From the first line to the last, restate the material word for word; pictures stay out.

*** DATA PROVIDED ***

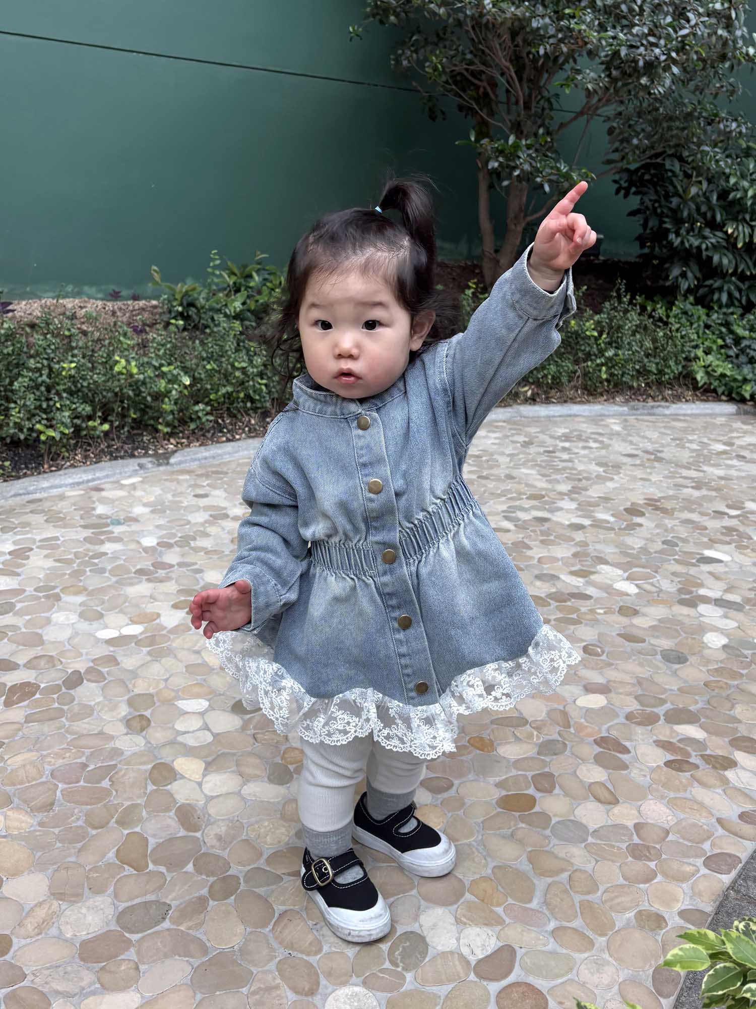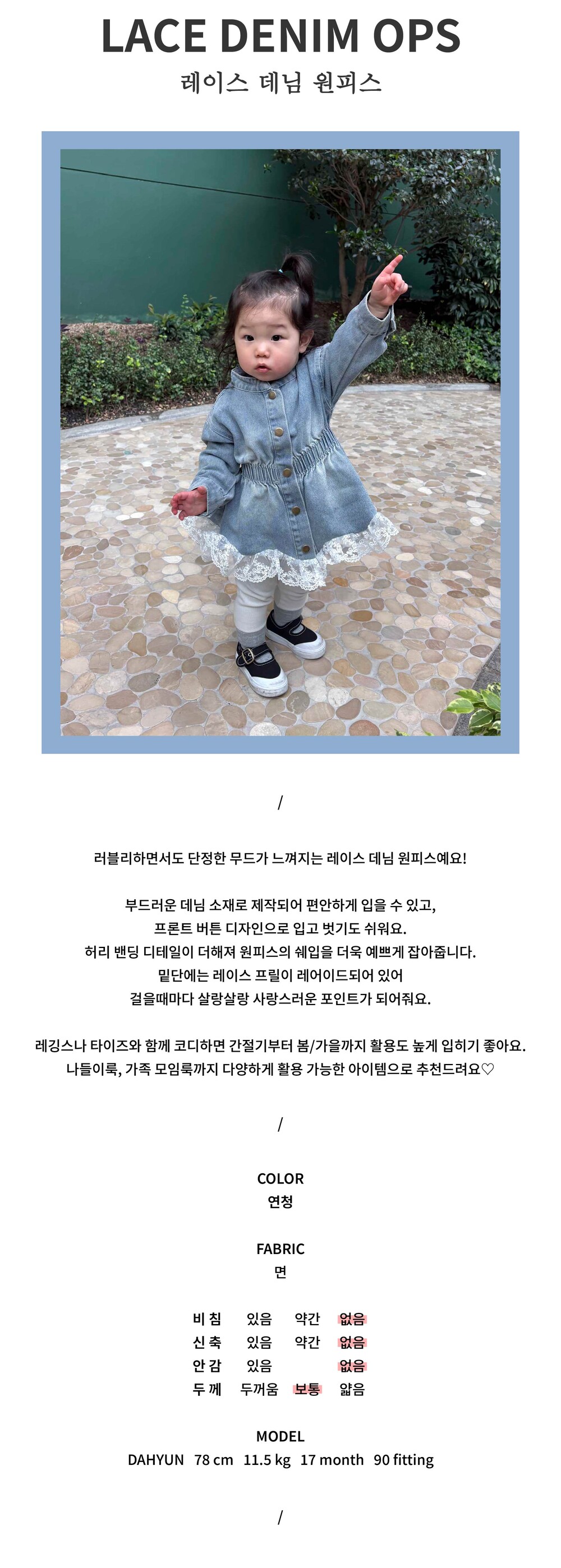 러블리하면서도 단정한 무드가 느껴지는 레이스 데님 원피스예요!
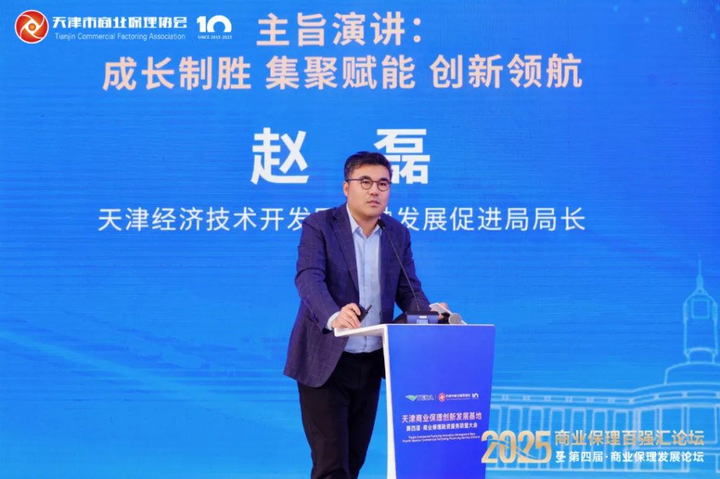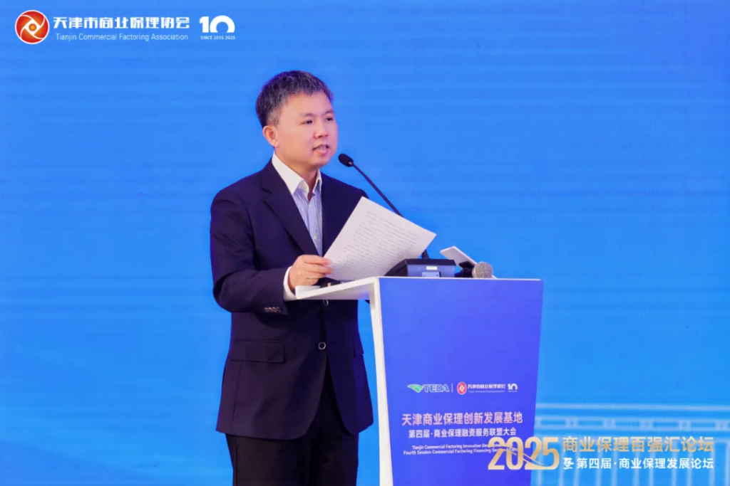经开区产融发展促进局局长赵磊以“成长制胜 集聚赋能 创新领航”为主题,详细介绍了天津商业保理创新发展基地的建设成果与未来规划。他表示,经过五年深耕,基地已构建起集政策支持、资源整合、风险防控于一体的产业生态体系,集聚了一批优质商业保理企业,业务规模稳步增长、创新成果持续涌现。下一步,基地将聚焦保理企业发展核心需求,重点推动数字化转型、跨境业务拓展、合规体系完善等十项高质量发展举措落地,致力打造全国领先的商业保理创新高地。
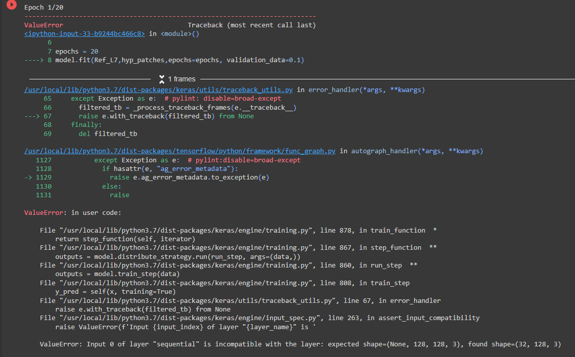 model.fit(Ref_L7,hyp_patches,epochs=epochs, validation_data=0.1)在添加通道3时更改IMAGE_SIZE。此外,打印您的形状的Ref_L7,hyp_patches,这将给你更多的信息,什么是错的。
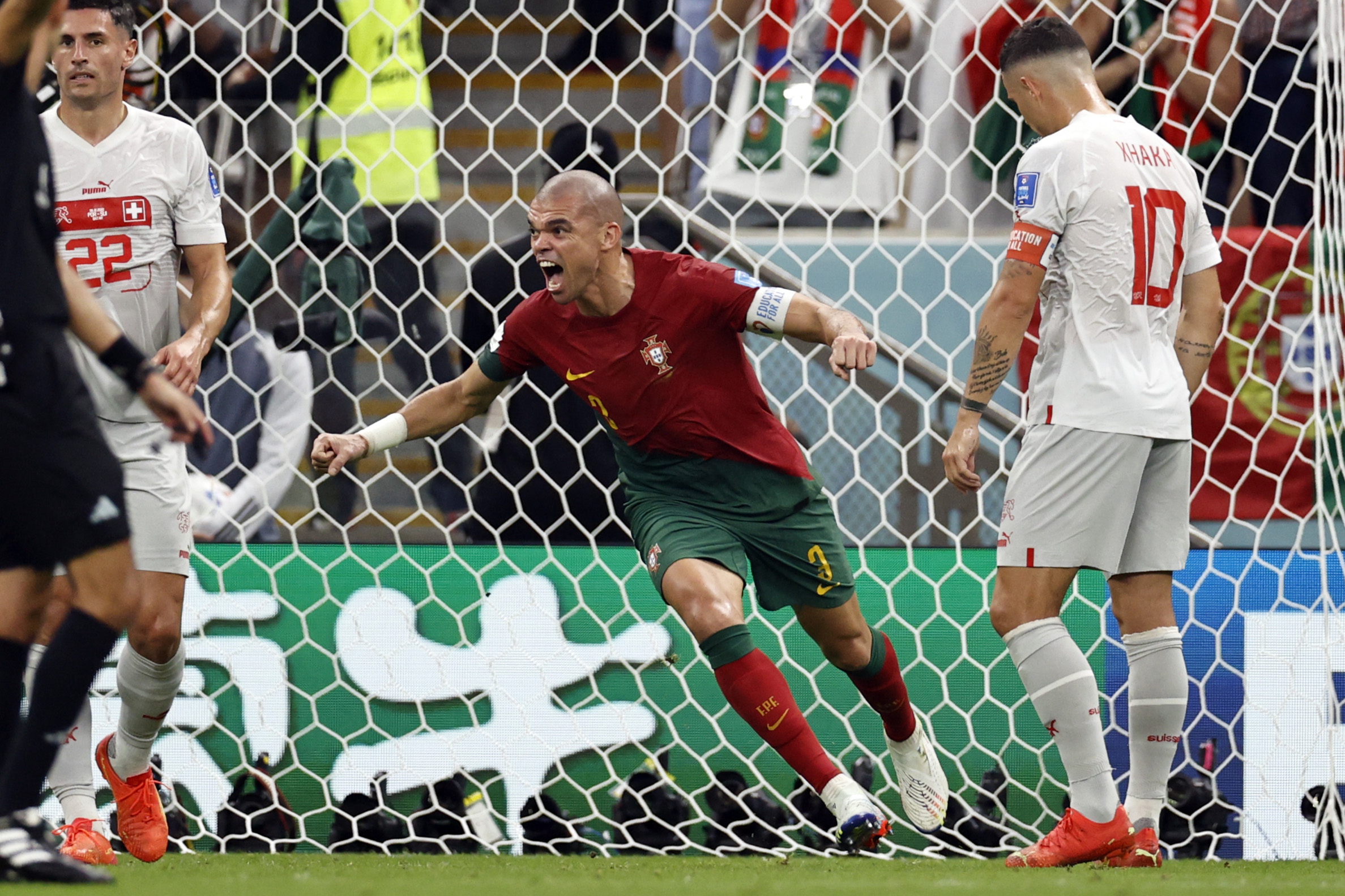 وسجل الهدف الأول اللاعب راموس في الدقيقة 18 من زمن المباراة من تسديدة قوية سكنت الشباك السويسرية، وعزز اللاعب بيبي تقدم البرتغال بالهدف الثاني في الدقيقة 34 من زمن الشوط الأول للمباراة.

*** End of DATA PROVIDED ***

- **RESULT OF THIS EXERCISE**:
 러블리하면서도 단정한 무드가 느껴지는 레이스 데님 원피스예요!
经开区产融发展促进局局长赵磊以“成长制胜 集聚赋能 创新领航”为主题,详细介绍了天津商业保理创新发展基地的建设成果与未来规划。他表示,经过五年深耕,基地已构建起集政策支持、资源整合、风险防控于一体的产业生态体系,集聚了一批优质商业保理企业,业务规模稳步增长、创新成果持续涌现。下一步,基地将聚焦保理企业发展核心需求,重点推动数字化转型、跨境业务拓展、合规体系完善等十项高质量发展举措落地,致力打造全国领先的商业保理创新高地。
 model.fit(Ref_L7,hyp_patches,epochs=epochs, validation_data=0.1)在添加通道3时更改IMAGE_SIZE。此外,打印您的形状的Ref_L7,hyp_patches,这将给你更多的信息,什么是错的。
 وسجل الهدف الأول اللاعب راموس في الدقيقة 18 من زمن المباراة من تسديدة قوية سكنت الشباك السويسرية، وعزز اللاعب بيبي تقدم البرتغال بالهدف الثاني في الدقيقة 34 من زمن الشوط الأول للمباراة.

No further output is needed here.